Data for processing below:

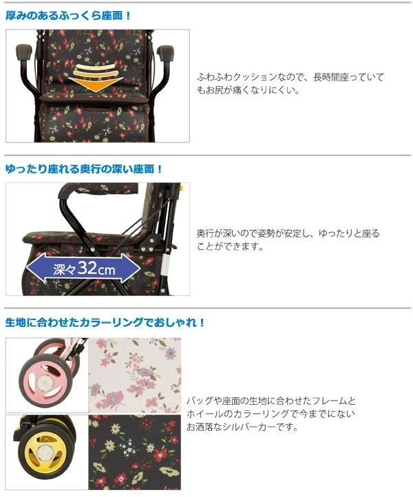| 座面下の大容量収納、大きな前輪と幅広の後輪による安定性、長時間座っていても疲れにくい広々座面が特徴のスタンダードタイプのシルバーカーです。毎日のお買い物や、お出かけの時に最適です。 |
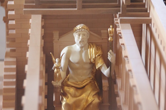 훗날 B.C 2세기 헬레니즘 시대 그리스인들이 7대 불가사의의 하나로 정한 제우스 동상은 받침대를 포함해 높이 12m다. B.C 5세기 그리스문명권 최고의 조각가이던 아테네의 페이디아스가 조각을 책임졌다. 올림피아에는 당시 페이디아스의 작업장이 발굴돼 있을 정도다. 지금은 터만 남은 제우스 신전과 완전히 사라진 제우스 조각을 1997년 프랑스 루브르 박물관이 50분의 1 크기로 줄여 복원해 놓았다. 루브르 박물관에 가서 보면 흰 대리석으로 제작한 제우스 조각은 머리에 금관을 썼다. 다신교 사회인 고대 그리스에서 최고신 제우스에게만 금관을 씌웠을까?
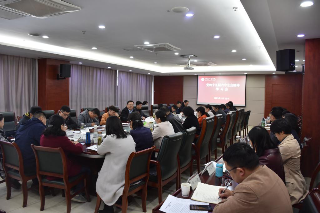徐成钢传达学习了《中国共产党第十九届中央委员会第六次全体会议公报》的主要内容,他表示,全会是一场具有全局性、历史性意义的重要会议,全面总结了党的百年奋斗重大成就和历史经验,对推动全党进一步统一思想、统一意志、统一行动,团结带领全国各族人民夺取新时代中国特色社会主义新的伟大胜利,具有重大现实意义和深远历史意义。徐成钢强调,学校各级党组织和广大师生要深入学习贯彻党的十九届六中全会精神,更加紧密地团结在以习近平同志为核心的党中央周围,全面贯彻习近平新时代中国特色社会主义思想,大力弘扬伟大建党精神,坚定理想信念,牢记初心使命,埋头苦干、勇毅前行,为实现第二个百年奋斗目标、实现中华民族伟大复兴的中国梦而不懈奋斗。
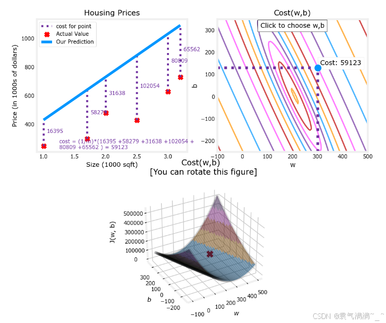 # 在等高线图中,可以点击一个点选择 w 和 b 获得最低成本
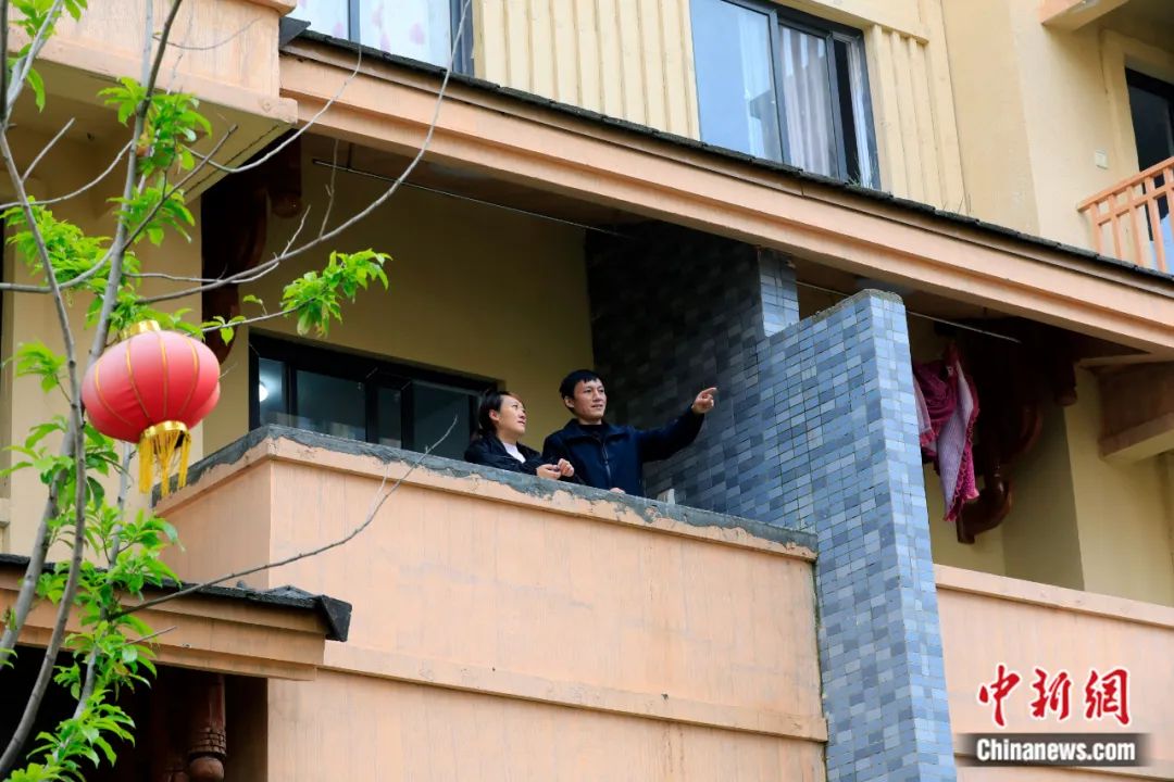 四川昭覺,位于海拔1400多米的懸崖之上的阿土列爾村享受到易地扶貧搬遷政策,村民某色爾布(右)與妻子在新居的陽臺上眺望。王磊 攝
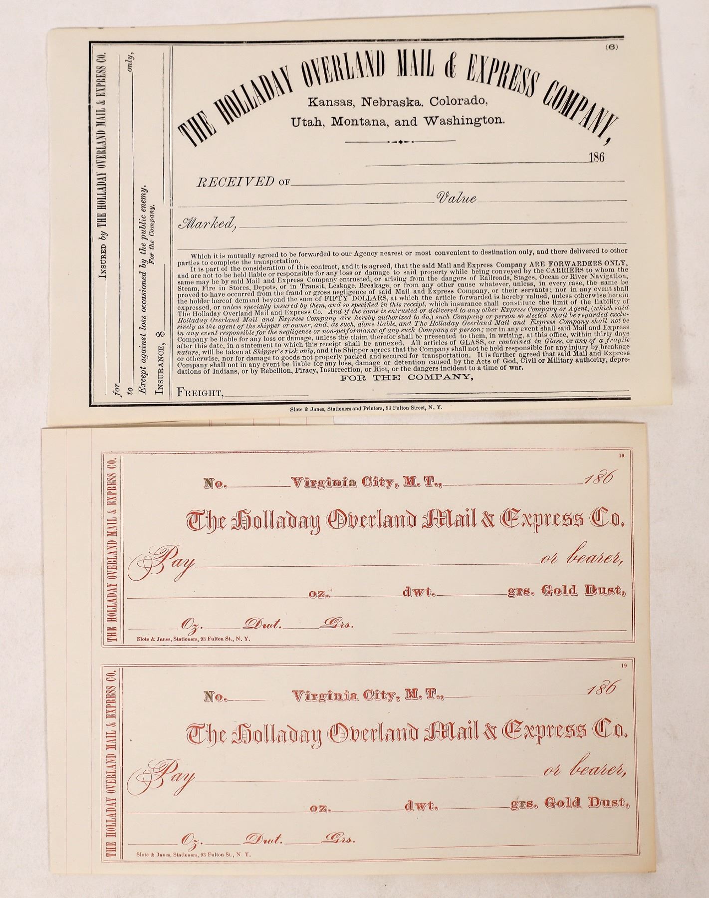 2 Virginia City c. 1860's joined unissued checks. c. 1860's unissued receipt. Virginia City Nevada
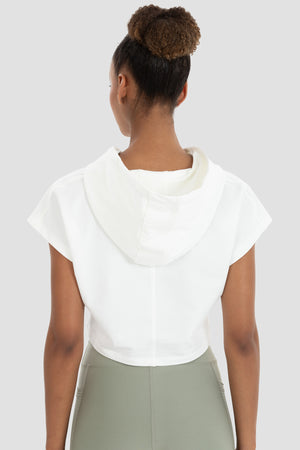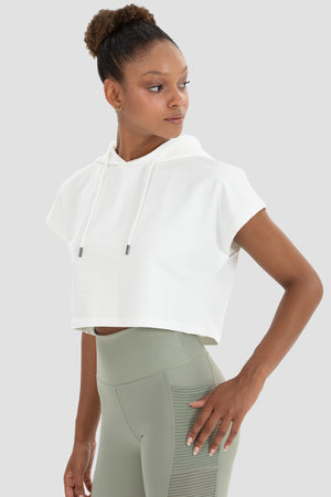 Alice Kapüşonlu Kısa Kollu Krem Crop Sweatshirt
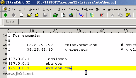 为了能够在本地实现访问abu.com的时候能够解析到127.0.0.1 我修改本机的hosts文件
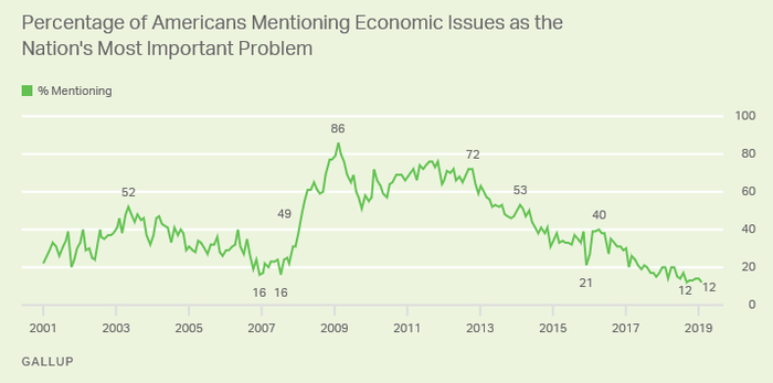 这场争论的背景无疑是美国联邦债务突破22万亿美元,债务上限问题重燃,学术圈对政府债务的可持续性产生了忧虑。而MMT对政府债务的主要见解就是:政府不应该被财政平衡束缚了手脚,而应发挥“功能性财政”的作用。一些人据此判定MMT认为财政赤字根本不重要,政府应该直接“印钱”刺激经济 (显然片面)。但理论的纷争之所以能冲出象牙塔,得到铺天盖地的大讨论,主要还是因为政治,毕竟大众对经济问题和债务上限并不上心 (下图)。

End of Data for processing.

* [Goal of the exercise]: Every record above must be given again exactly; drop the pictures.

* [Exercise solution]:
| 座面下の大容量収納、大きな前輪と幅広の後輪による安定性、長時間座っていても疲れにくい広々座面が特徴のスタンダードタイプのシルバーカーです。毎日のお買い物や、お出かけの時に最適です。 |
 훗날 B.C 2세기 헬레니즘 시대 그리스인들이 7대 불가사의의 하나로 정한 제우스 동상은 받침대를 포함해 높이 12m다. B.C 5세기 그리스문명권 최고의 조각가이던 아테네의 페이디아스가 조각을 책임졌다. 올림피아에는 당시 페이디아스의 작업장이 발굴돼 있을 정도다. 지금은 터만 남은 제우스 신전과 완전히 사라진 제우스 조각을 1997년 프랑스 루브르 박물관이 50분의 1 크기로 줄여 복원해 놓았다. 루브르 박물관에 가서 보면 흰 대리석으로 제작한 제우스 조각은 머리에 금관을 썼다. 다신교 사회인 고대 그리스에서 최고신 제우스에게만 금관을 씌웠을까?
徐成钢传达学习了《中国共产党第十九届中央委员会第六次全体会议公报》的主要内容,他表示,全会是一场具有全局性、历史性意义的重要会议,全面总结了党的百年奋斗重大成就和历史经验,对推动全党进一步统一思想、统一意志、统一行动,团结带领全国各族人民夺取新时代中国特色社会主义新的伟大胜利,具有重大现实意义和深远历史意义。徐成钢强调,学校各级党组织和广大师生要深入学习贯彻党的十九届六中全会精神,更加紧密地团结在以习近平同志为核心的党中央周围,全面贯彻习近平新时代中国特色社会主义思想,大力弘扬伟大建党精神,坚定理想信念,牢记初心使命,埋头苦干、勇毅前行,为实现第二个百年奋斗目标、实现中华民族伟大复兴的中国梦而不懈奋斗。
 # 在等高线图中,可以点击一个点选择 w 和 b 获得最低成本
 四川昭覺,位于海拔1400多米的懸崖之上的阿土列爾村享受到易地扶貧搬遷政策,村民某色爾布(右)與妻子在新居的陽臺上眺望。王磊 攝
 2 Virginia City c. 1860's joined unissued checks. c. 1860's unissued receipt. Virginia City Nevada
 Alice Kapüşonlu Kısa Kollu Krem Crop Sweatshirt
 为了能够在本地实现访问abu.com的时候能够解析到127.0.0.1 我修改本机的hosts文件
 这场争论的背景无疑是美国联邦债务突破22万亿美元,债务上限问题重燃,学术圈对政府债务的可持续性产生了忧虑。而MMT对政府债务的主要见解就是:政府不应该被财政平衡束缚了手脚,而应发挥“功能性财政”的作用。一些人据此判定MMT认为财政赤字根本不重要,政府应该直接“印钱”刺激经济 (显然片面)。但理论的纷争之所以能冲出象牙塔,得到铺天盖地的大讨论,主要还是因为政治,毕竟大众对经济问题和债务上限并不上心 (下图)。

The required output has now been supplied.